With volatility making our commodity markets more erratic, and with more information spewing out of our smartphones night and day, marketing is getting ever more complicated.
Dancing with tighter margins also means a small misstep can cause a lot of pain.
So now that the super cycle of sky-high grain and oilseed markets has faded into memory, it’s time to take your marketing up a notch, employ all the tools, become more disciplined, and make the most of any opportunities that come your way.
Improvement is possible. In fact, it can even be realistic. In the following pages, we bring you advice from three top commercial marketers, with their six key strategies for superior results.

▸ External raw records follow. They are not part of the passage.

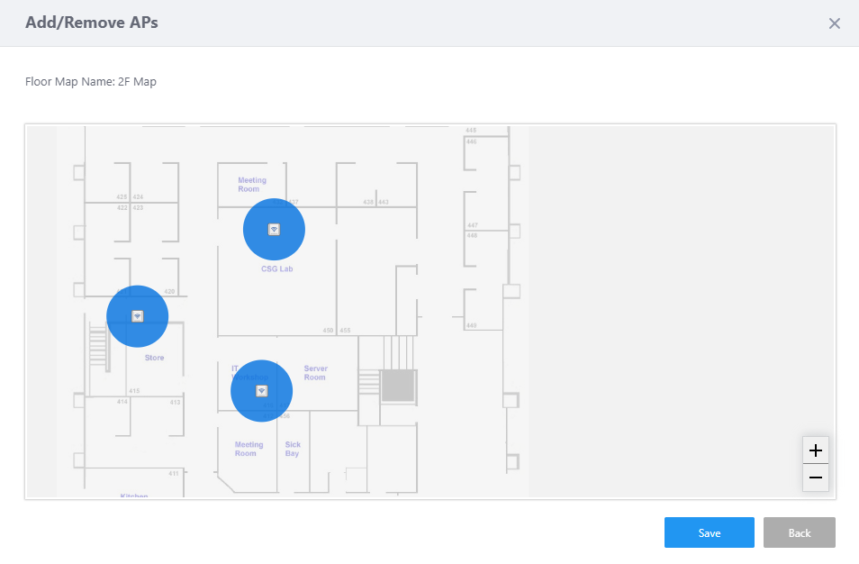 APs placed on the "2F Map" will be displayed as icons on the map.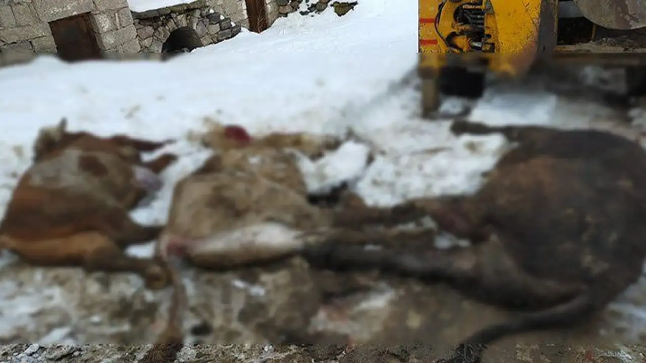 Telef olan hayvanlar vatandaşların yardımıyla enkazdan çıkarıldı.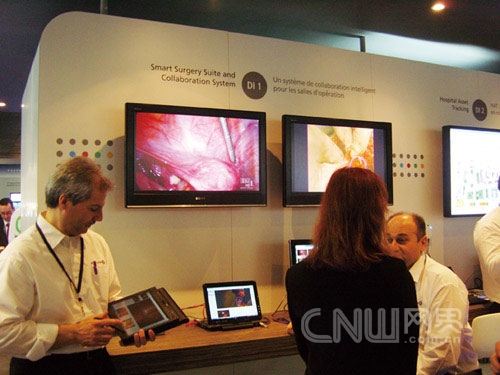 而基于貝爾實(shí)驗(yàn)室創(chuàng)新技術(shù)的Smart Surgery Suite & Collaboration System將音頻、視頻和數(shù)據(jù)會(huì)議與協(xié)作功能帶入手術(shù)室。這套系統(tǒng)可以提供高質(zhì)量的內(nèi)窺鏡視頻信息,這樣外科專家可以遠(yuǎn)程監(jiān)控和指導(dǎo)手術(shù),也可以為其他醫(yī)生提供觀摩學(xué)習(xí)的機(jī)會(huì)。它可以根據(jù)數(shù)據(jù)傳輸率提供高質(zhì)量視頻編碼技術(shù)。這樣可以提供足夠質(zhì)量的視頻分辨率而不會(huì)使網(wǎng)絡(luò)擁塞。另外還提供多方telestration功能,使遠(yuǎn)程的專家可以在直播的內(nèi)窺鏡視頻畫面上畫圖和作注釋。現(xiàn)場(chǎng)演示的是將內(nèi)窺鏡視頻畫面?zhèn)魉偷蕉鄠(gè)客戶端設(shè)備上,本地醫(yī)生在畫面作出標(biāo)記,向遠(yuǎn)程的專家提問,遠(yuǎn)程專家在畫面上標(biāo)出需要切掉的部分。在手術(shù)的同時(shí),來自全球的醫(yī)生都可以通過網(wǎng)絡(luò)實(shí)時(shí)觀看。

No one is sugar-coating the job. Based in Winnipeg, Agri-Trend marketing coach Lawrence Klusa captures the crux of today’s marketing challenge in a single sentence. “To be successful over the long-term, farmers need to be successful both when market prices are higher and when market prices are low,” Klusa says
Then there’s this extra complication. “What works one year might be totally wrong the next,” says Frank Backx, marketing manager at Hensall District Co-operative north of London, Ont. “Grain and oilseed markets are continually changing, and every year provides different challenges.”
And, adds David Derwin, portfolio manager with PI Financials in Winnipeg, who worked on the floor of the Winnipeg Stock Exchange for years.“The next few years, managing risk is going to be more challenging.”
Following are six strategies that will help you take your commodity marketing from good to great, say Klusa, Derwin and Backx.
Get ready to dance.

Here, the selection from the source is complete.